初めて本気で努力した何かに対して、褒められたからかもしれない。
「これだからスポーツも何もしてこなかったやつは……」
「うるせ〜」
先に色々な感情を経験してるからと煽る冬矢。
これだからスポーツばっかやってきたやつはと言い返したい。
努力が報われたことが嬉しい。バンドメンバーがやりきった顔をしていて嬉しい。観客が楽しんでくれて嬉しい。
「ほんとに、よかったぁ〜〜〜」
興奮度MAX状態から少しだけ落ち着くと、強い安堵感がやってきた。
「はは。お前ってやつは。まだ今日は少しあるんだ、片付けするぞ」
冬矢の声で俺達は後片付けをはじめた。
…………
終わってみれば、あっという間だった。
時間にして二十分くらいだったろうか。
午後二時過ぎから始まった舞台、まだ三時にもなっていなかった。
あれだけ長く練習しても舞台はたったの二十分。
そう考えると少し虚しくもなるが、その短い時間のためにやってきた。
中身はとても濃厚だった。
なんだか人生観が変わった気がした。
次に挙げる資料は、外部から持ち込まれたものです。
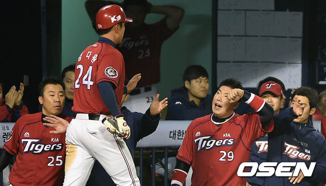 15일 오후 서울 잠실야구장에서 열린 '2015 타이어뱅크 KBO 리그' LG 트윈스와 KIA 타이거즈의 경기, 4회초 무사 주자 1,3루 KIA 최용규의 안타에 홈을 밟은 김다원이 기쁨을 나누고 있다.

今まで見えてきた世界が広がったというか。
俺はどちらかと言えば舞台を見上げる側だったのに、今回はその舞台に立つ側だった。
うまく言葉にはできないが、その違いだけで何かが変わったような気がしていた。
皆、ここまで一緒にやってきてくれて、本当にありがとう。
最高のバンドで、最高の舞台だった。
――こうして俺たちの中学生最後の文化祭が終わりを告げた。